In wenigen Tagen beginnt in Kuba die Zuckerrohrernte für die Saison 2014/15, auch  „Zafra“ genannt. Derzeit laufen die letzten Vorbereitungen in den Mühlen des Landes, um die ehrgeizigen Ziele erfüllen zu können. Im kommenden Jahr plant Kuba zwei Millionen Tonnen Rohzucker zu produzieren, eine Steigerung von 23 Prozent gegenüber der letzten Saison. Experten der staatlichen Zuckerholding AZCUBA erklärten jüngst in der Parteizeitung Granma die Ziele für die kommende Ernte.

Um das maue Ergebnis dieses Jahres zu übertreffen, wurden umfangreiche Investitionen in Wartung und Erneuerung der Zuckermühlen vorgenommen, von denen 44 noch in den kommenden Wochen ihren Betrieb aufnehmen werden. Bis Januar sollen acht weitere folgen. Zu den wichtigsten Investitionen zählt der Import von 200 modernen Zuckererntern aus Brasilien, die im Unterschied zu den vorherrschenden sowjetischen KTP-Modellen im 24 Stunden-Betrieb eingesetzt werden können.

Mehr Düngemittel für bessere Qualität

Ebenfalls neu ist der umfangreiche Einsatz natürlicher und chemischer Düngemittel, die  durch Flugzeuge auf einer Fläche von 140.000 Hektar verteilt werden, doppelt so groß wie in der vorangegangenen Ernte. Dadurch soll sich der Zuckergehalt im Rohr erhöhen, was der Qualität zu Gute kommt und die Nettoausbeute der Mühlen steigert. In der vergangenen Saison war der Saccharoseanteil bei 10,92 Prozent, weniger als noch im Jahr zuvor. Starke Regenfälle haben die Quantität und Qualität der Ernte stark beeinträchtigt.

Durch die gesunkene Qualität des Zuckerrohrs konnte der Rohzuckerertrag in diesem Jahr um lediglich 4 Prozent Prozent zulegen, er lag bei 1,67 Millionen Tonnen.
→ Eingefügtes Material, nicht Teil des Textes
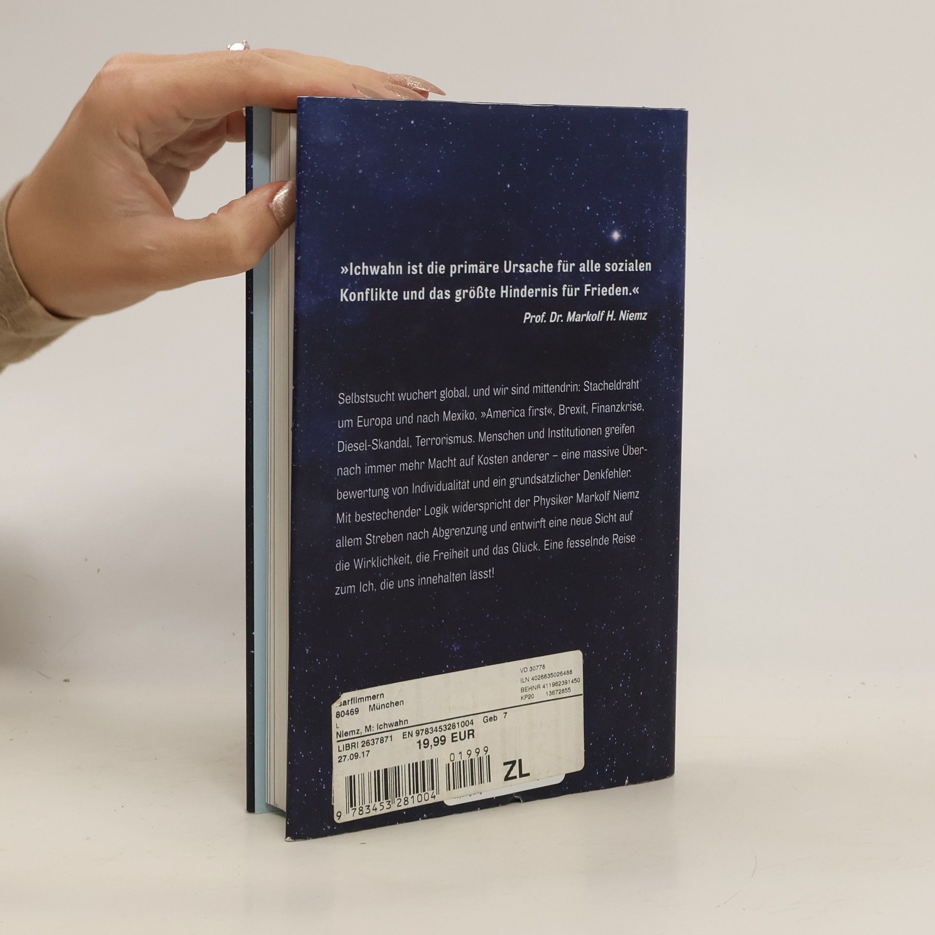 Ichwahn ist das größte Hindernis für Frieden Selbstsucht wuchert global, und wir sind mittendrin: Stacheldraht um Europa und nach Mexiko, »America first«, Brexit, Finanzkrise, Diesel-Skandal, Terrorismus. Menschen und Institutionen greifen nach immer mehr Macht auf Kosten anderer – eine massive Überbewertung von Individualität und ein grundsätzlicher Denkfehler. Mit bestechender Logik widerspricht der Physiker Markolf Niemz allem Streben nach Abgrenzung und entwirft eine neue Sicht auf die Wirklichkeit, die Freiheit und das Glück. Eine fesselnde Reise zum Ich, die uns innehalten lässt! Ausstattung: durchgehend 4c

Durch den Einsatz der Düngemittel, der zwei Millionen US$ kostet, verspricht man sich Mehreinnahmen von 10 Millionen US$. Die pro-Hektar Erträge sollen 2015 bei mindestens 43 Tonnen Zuckerrohr liegen. Zusätzlich zum Zucker will Kuba 1,3 Millionen Hektoliter Ethanol und 225 Millionen Tonnen Tierfutter als Nebenprodukte herstellen. Außerdem sollen die Zuckermühlen 125 Gigawatt Strom erzeugen.
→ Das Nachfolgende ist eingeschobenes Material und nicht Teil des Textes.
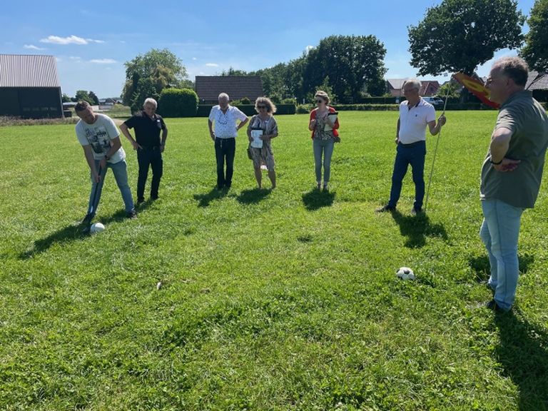 Rond de klok van 12.00u vertrokken we onder een strak blauwe hemel met de bus naar Groesbeek. Bij aankomst op “de Horst” werden we verwelkomd met koffie en een Groesbeekse koeienvlaai. (een heerlijk gebakje met blauwe bessen). Na de inspirerende woorden van de “Boerin” des huizes, waarin de stikstofproblematiek niet werd geschuwd, kregen we uitleg over boerengolf en werden we in teams onder een stralende zon de groene weides in gestuurd. Hier bleek dat de meeste ondernemers toch competitief zijn ingesteld en er werd dan ook een stevige strijd geleverd tussen de teams. Na de prijsuitreiking vertrokken we met de bus voor een korte rit naar het Nederlands Wijnbouwcentrum, waar we werden verwelkomd door gastvrouw Sheila. Tijdens en na de rondleiding door de wijngaard en de wijnkelder werden er diverse Groesbeekse wijnen geproefd. Door het fantastische weer hebben we de hele avond buiten kunnen zitten bij de wijngaarden en genoten van een heerlijk Italiaans buffet. Menigeen memoreerde dan ook dat het even leek of we in Toscane waren. Toen de zon rond 22.00u weg begon te zakken achter de Groesbeekse heuvels, vertrok de bus weer richting Asten. Een bijzonder dankjewel aan buschauffeur Jan van Twintours, die ons de hele dag veilig heeft vervoerd en iedereen weer veilig in Asten heeft afgezet.

Doch nicht nur bei den Investitionen sind Fortschritte zu verzeichnen, auch die Kader- und Lohnpolitik konnte sich weiter konsolidieren, was die Arbeitskräfteschwankungen im Sektor zu dämpfen vermochte. Zu den Neuerungen gehört die Einführung eines verbesserten Entlohnungssystems für die Produzenten. Bisher wurden diese nach Tonnen bezahlt, in der jetzigen Saison wird es erstmals Prämien für hohen Saccharoseanteil im angelieferten Zuckerrohr geben.

Nach oben korrigierte Ziele für 2015

Die Wiederbelebung des kubanischen Zuckersektors geht also weiter. Der Zuwachs von 23 Prozent ist das anspruchvollste Wachstumsziel der letzten Jahre – und eine deutliche Korrektur nach oben. Noch im Oktober war von einem Zuwachs von lediglich 12 Prozent die Rede, was 1,88 Millionen Tonnen ergeben hätte. Warum auf einmal zwei Millionen Tonnen vorgesehen sind, wurde nicht kommentiert. Manches deutet jedoch darauf hin, dass die Trendwende gelingen könnte.
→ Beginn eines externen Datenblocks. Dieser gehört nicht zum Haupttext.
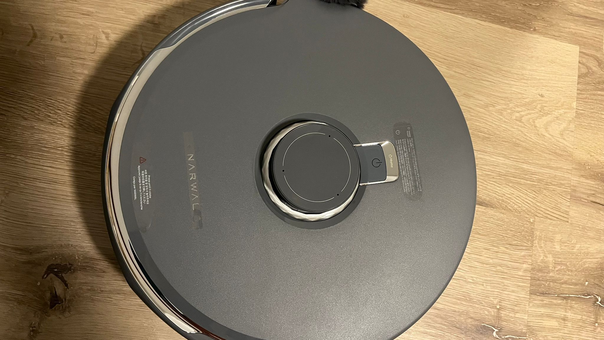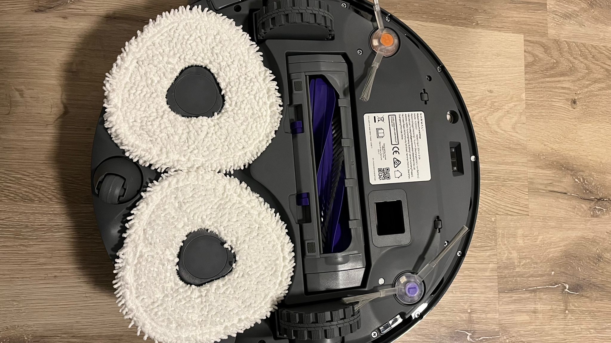 Die rotierenden Wischtücher an der Unterseite des Roboters drehen sich bei Bedarf mit Abwärtsdruck für eine noch präzisere und gründlichere Reinigung. Die Wischmopps sind mit Klett an den Rotoren befestigt und abnehmbar. Sie können problemlos in der Waschmaschine gereinigt werden. Durch eine intelligente Lift-Funktion werden die Wischtücher automatisch um 12 mm angehoben, wenn der Narwal vor sich festen Schmutz oder Teppichboden erkennt. Zudem erhöht er die Saugkraft. Bei nassem Schmutz hingegen wird der Druck der Wischmopps erhöht und die Rotation der Bürsten wird gestoppt. Dies gelingt ihm im Test gut.

Kubas Zuckerindustrie gibt sich derzeit ungewohnt optimistisch: „Für diese Kampagne gibt es deutlich bessere subjektive und objektive Bedingungen als zu irgendeinem anderen Zeitpunkt“, sagte Pérez Omar, Spezialist der AZCUBA-Gruppe. In den letzten Wochen berichteten die kubanischen Medien verstärkt über Investitionen in den Zuckersektor, dem Thema wird deutlich mehr Aufmerksamkeit geschenkt als im vergangenen Jahr.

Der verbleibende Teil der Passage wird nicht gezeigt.